Macrolides (most of the -mycin family) and oxazolidones bind to bacterial ribosomes to stop protein translation: modified ribosomal subunits beat these.
Vancomycin prevents peptidoglycan formation in by preventing incorporation of the monomers that make it up: modified monomers, and now we see VRSA.
We keep finding new targets for antibiotics, but as the Red Queen said, "It takes all the running you can do, to keep in the same place."
Re:short term solution (Score:3, Informative)
Anyway, I know there are multiple paths for drug resistance.
Generally speaking, antibiotics target a specific enzyme or pathway. Take penicillin: it inhibits an enzyme used in linking sugars used in building the cell wall.
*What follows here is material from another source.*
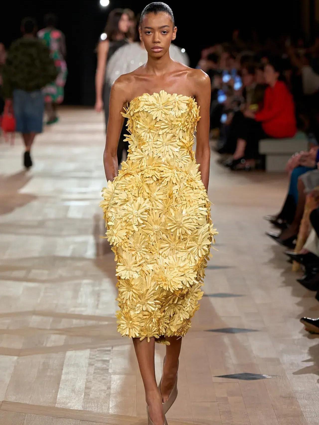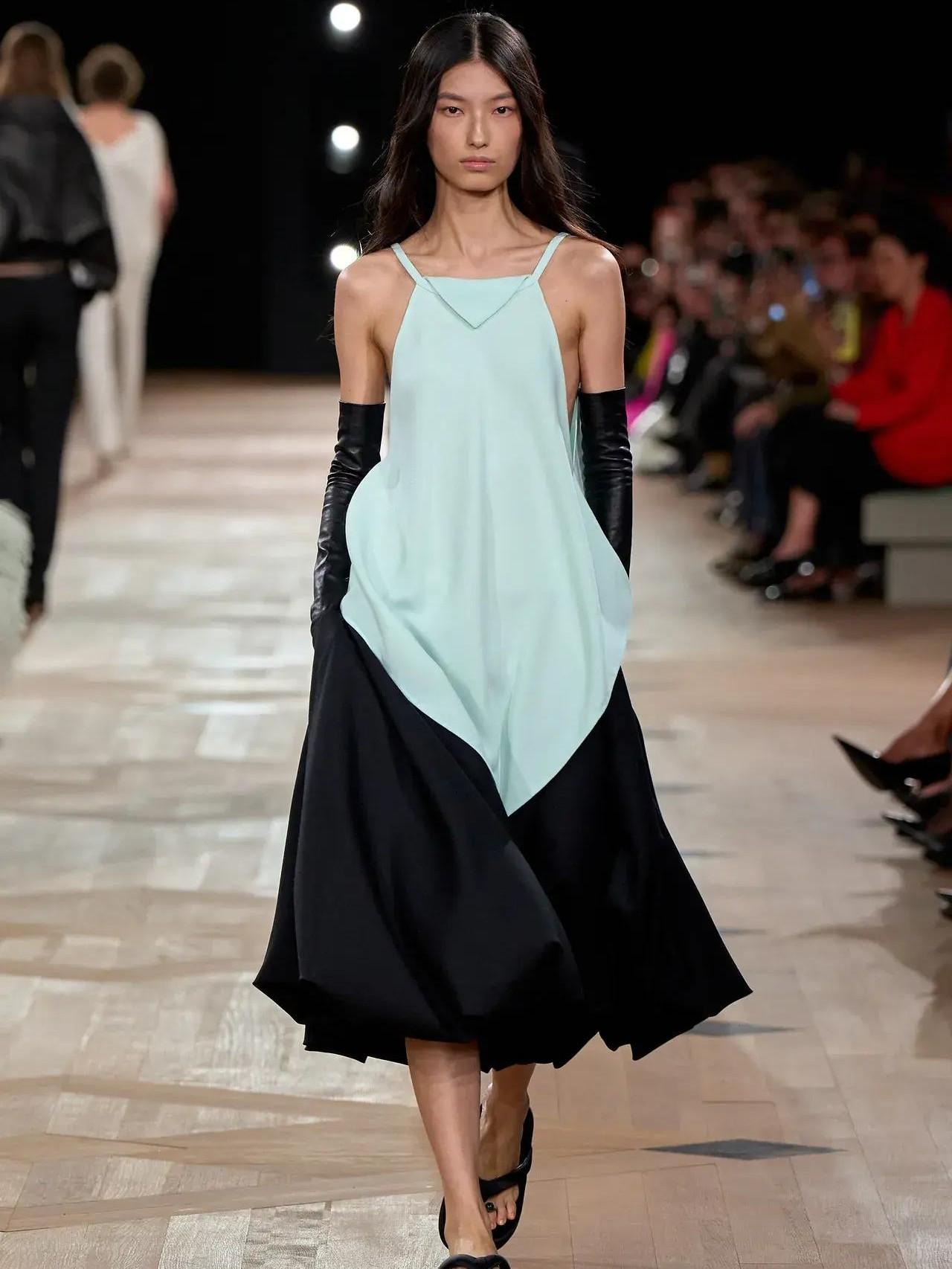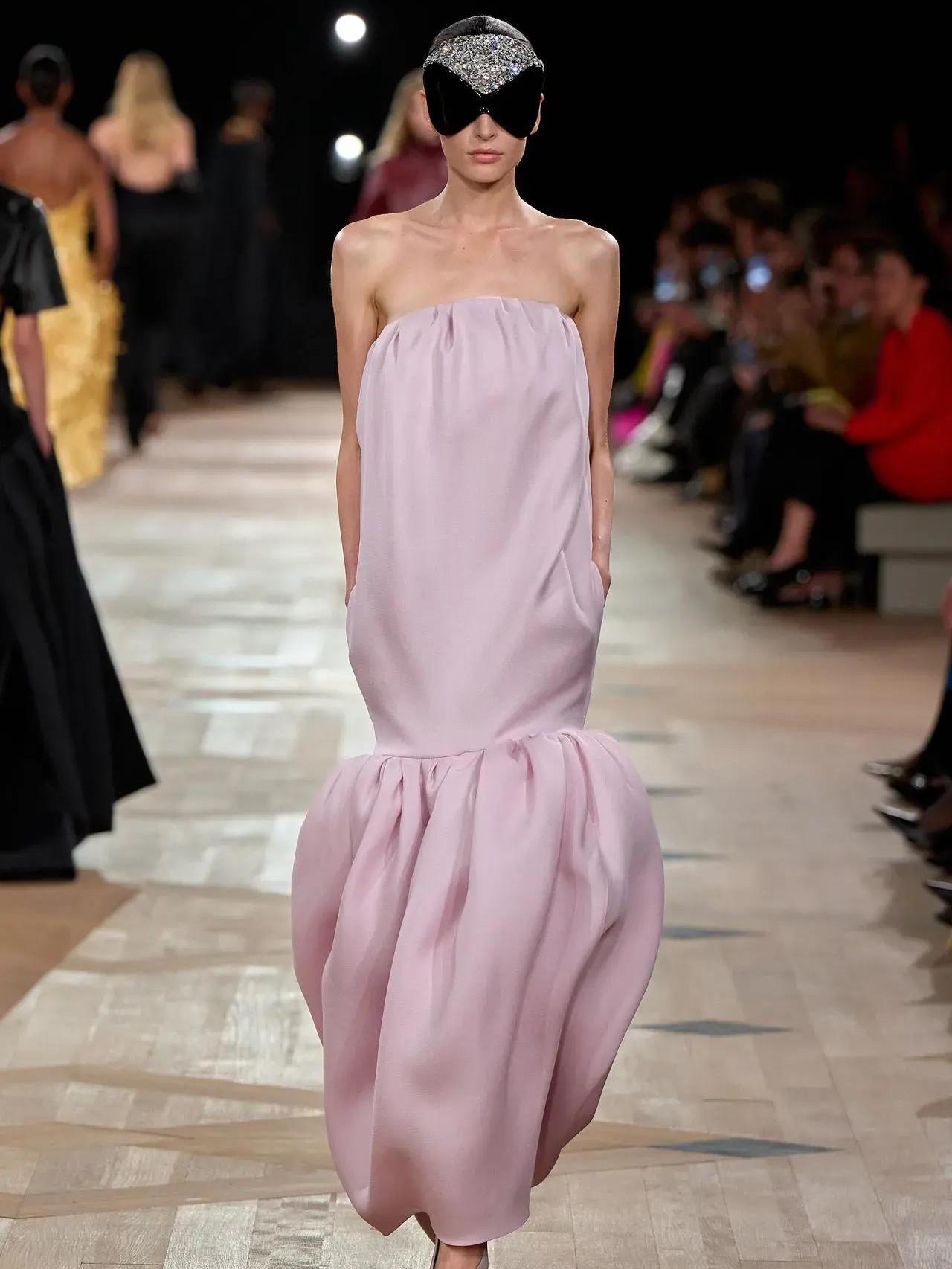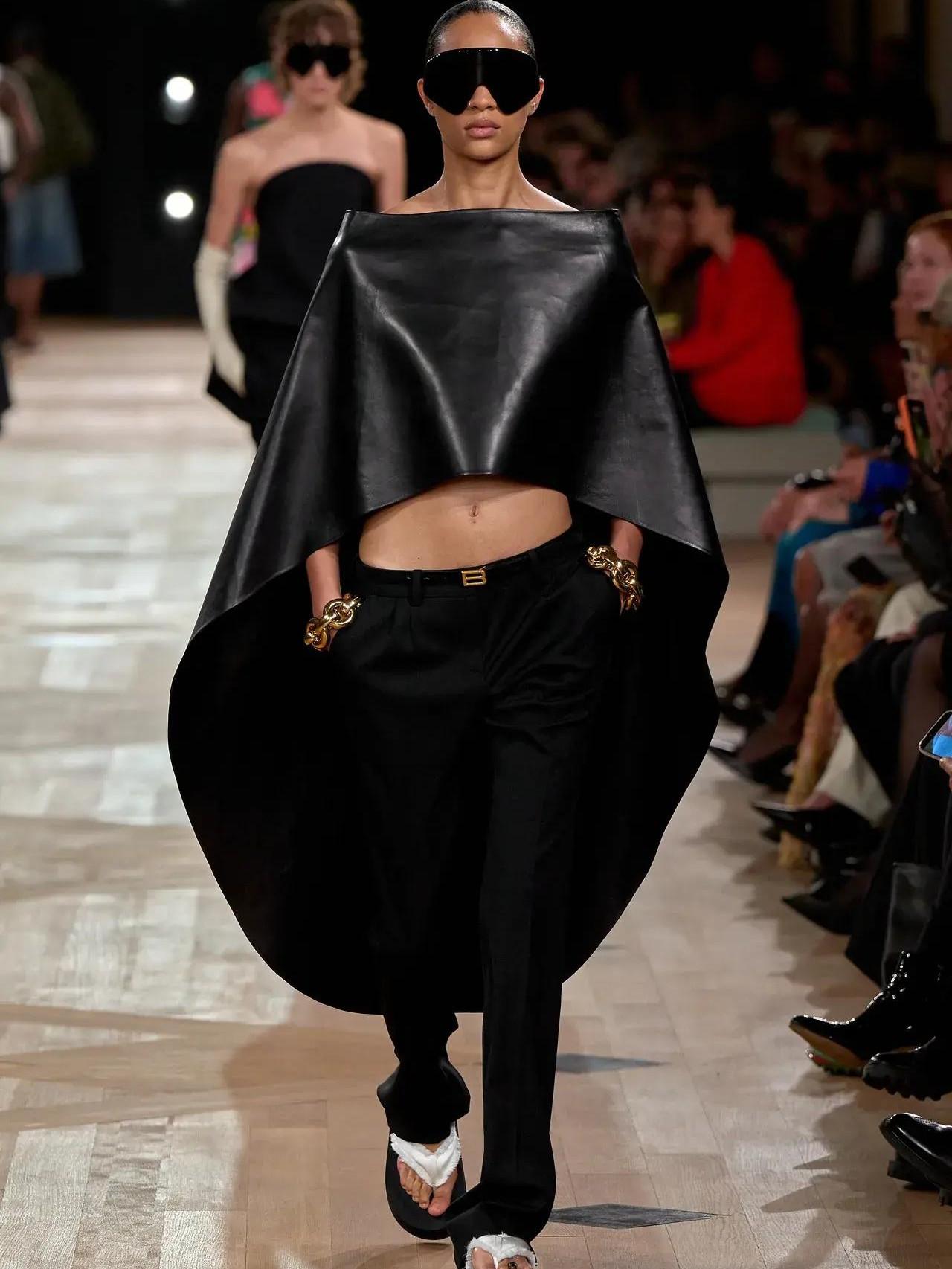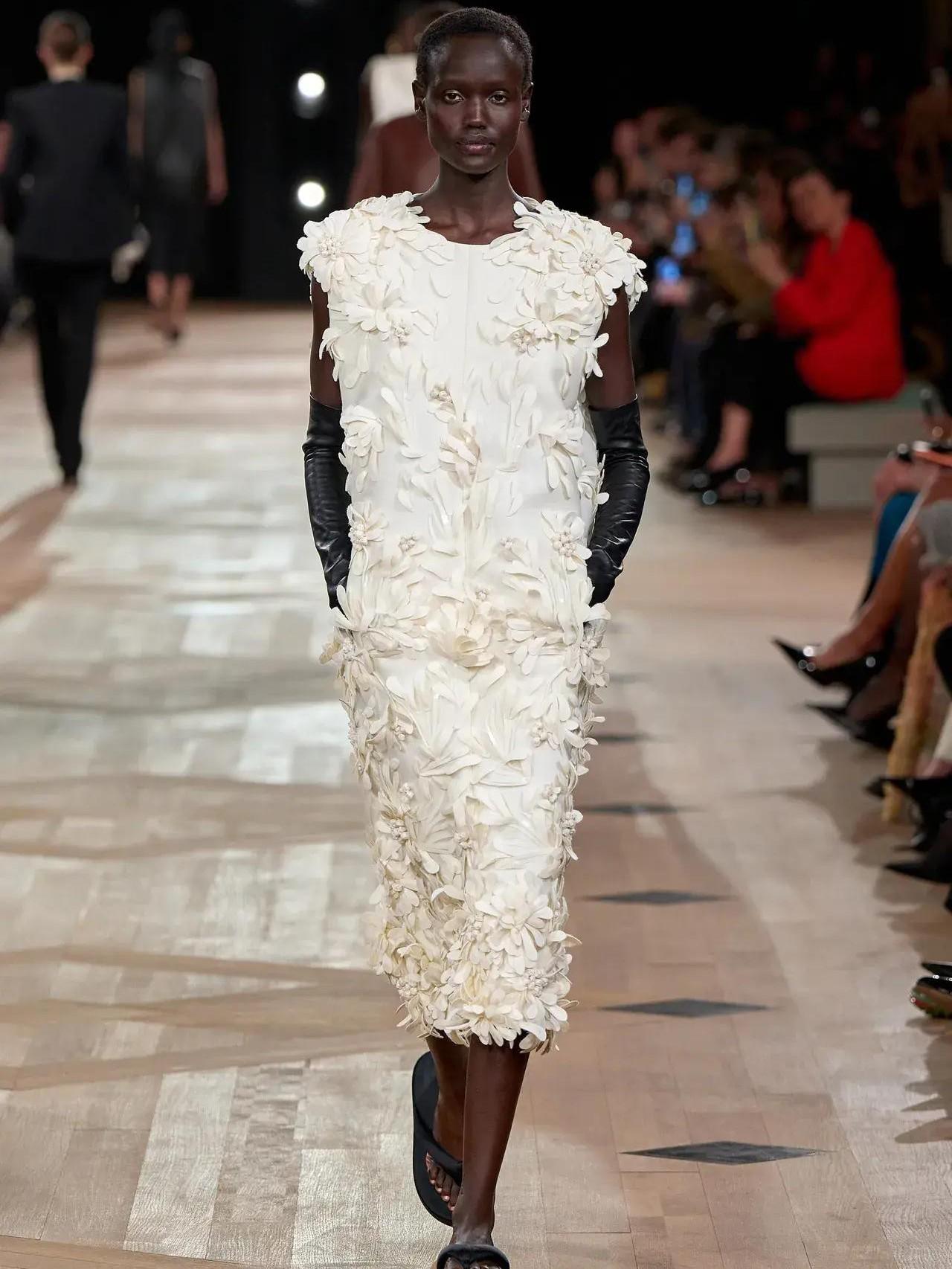 Первый образ — дань уважения к этому самому «мешку» — длинное вечернее платье с V-образным вырезом, свободное от лифов, белые оперные перчатки и огромные солнцезащитные очки с необычным украшением на голове. Этим аксессуаром Пиччоли отметил незаменимый вклад Демны в бренд и его склонности к экспериментам. «Было бы глупо отрицать, что здесь уже были Демна, Николя Гескьер и Кристобаль», — рассказывал Пьерпаоло.

To evade this, some bacteria make beta-lactamases, enzymes that specifically attack and break down penicillin, while other bacteria just massively overproduce the enzyme that the penicillin targets, so that even under high penicillin dosages, there is enough enzyme activity left that the bacterium can build strong cell walls. Those are completely different forms of resistance, and one drug is unlikely to manage to stop both (unless it just kills the cell, which will of course stop both mechanisms, but that's not what we're talking about.)
If you're interested, here's an interesting article [postgradmed.com] that discussses a bunch of issues related to developing antibiotic-resistance, including quick takes on how it's not really related to massive widespread antibiotic use, to length of time using the antibiotic, and some other widely-held misunderstandings.